In future studies VEGF ELISA of ovarian cyst fluid may be used for diagnostic and prognostic applications. Early cystic lesions of the ovary detected by intravaginal ultrasounds or by magnetic resonance imaging (33) may be tested for VEGF production. Measuring VEGF in these cysts could differentiate benign from malignant lesions. This approach, however, is presently limited by the concern that puncturing a cyst for fluid collection may spread a possible malignancy. Alternatively, the malignant nature of these cysts might be assessed by measuring VEGF in the circulation. VEGF ELISA of cyst fluid performed after surgery may provide information concerning the angiogenic activity and aggressiveness of the tumor. Our observation that VEGF levels are higher in ovarian cancers that tend to recur supports this possibility and warrants further investigation in a larger prospective series. Recurrence of disease after surgery could be monitored by measuring serum levels of VEGF, which are elevated and correlate with tumor burden in ovarian cancer patients (34) . VEGF levels in ovarian cyst fluid may be used to identify borderline tumors that are prone to malignant behavior. VEGF levels should be interpreted with caution in cases of endometriosis because they may be significantly elevated in these patients, as reported previously (35) , and as confirmed in our study. In addition, the age of the patient should be taken into account because VEGF regulates the vascularization of the corpus luteum during the reproductive years (36) . However, VEGF levels in the follicular and corpus luteum cysts included in our study were all below those of the malignant cysts.
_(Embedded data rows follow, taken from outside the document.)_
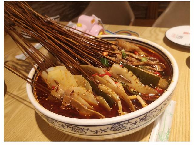 传统的钵钵鸡的汤底是用鸡骨架熬的高汤调味而成的,所以叫钵钵鸡。“古真记钵钵鸡”的冷锅钵钵鸡,就是那种完美的钵钵鸡,汤底香、食材新鲜、种类多、价格便宜。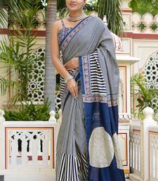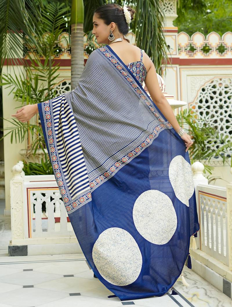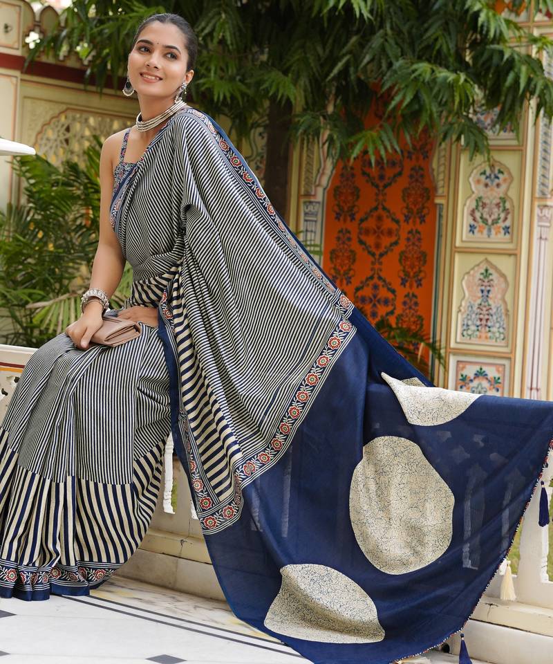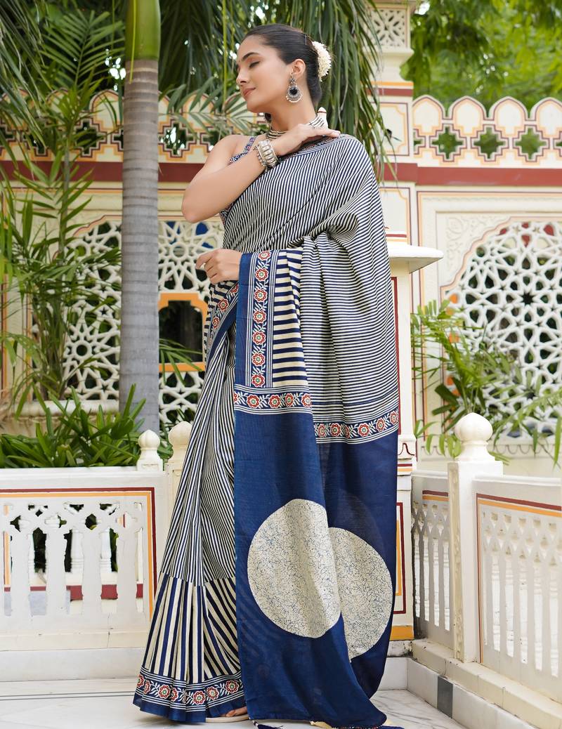 Party wear cotton art silk stripes leheriya saree with unstiched blouse pieceWhite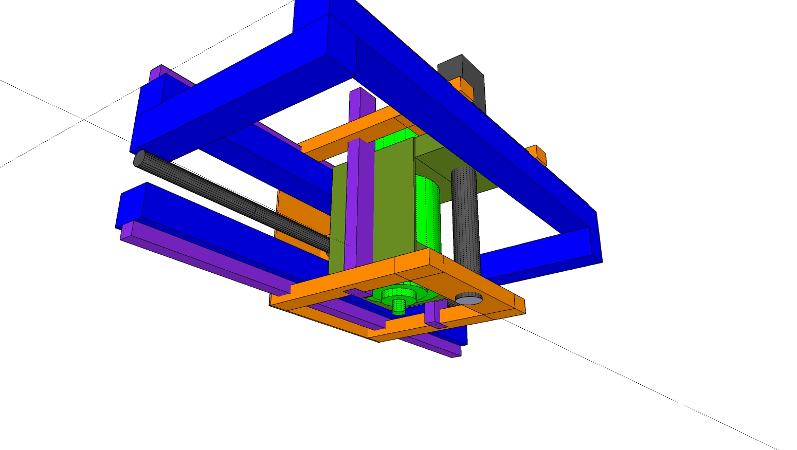 I've left out some of the elements so it can be seen easily. (like the colums parralell to the Z ballscrew joining the upper and lower Y axis motion, joining the upper and lower blue box sections etc.) and I've shown as bars things that could be plate etc. The purple areas are the supported rail, any other questions just shout. If you want to play with the Sketchup file PM me and I'll send it over as Google wont let me upload it, they must have standards! lol.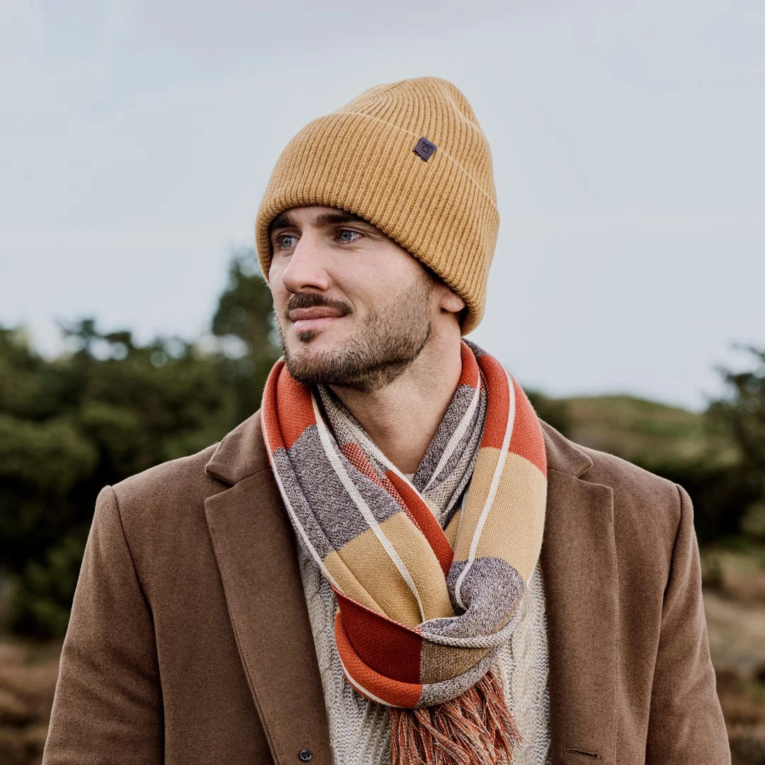 Pas besoin de sacrifier le style pour le confort grâce à ce bonnet écologique couleur orange ambre pour homme.

More studies are needed to better understand the prognostic significance of the increased VEGF levels in ovarian cancer. Particularly important will be to increase the number of observations and determine the range of VEGF concentration in the different types of ovarian cysts. Evaluation of VEGF in the circulation will establish whether VEGF measurement can be used for early detection of ovarian cancer and for the monitoring of patients after surgery. Finally, it will be important to investigate the biological significance of VEGF production in ovarian cancer progression and determine the therapeutic efficacy of drugs that specifically target VEGF and its receptor system.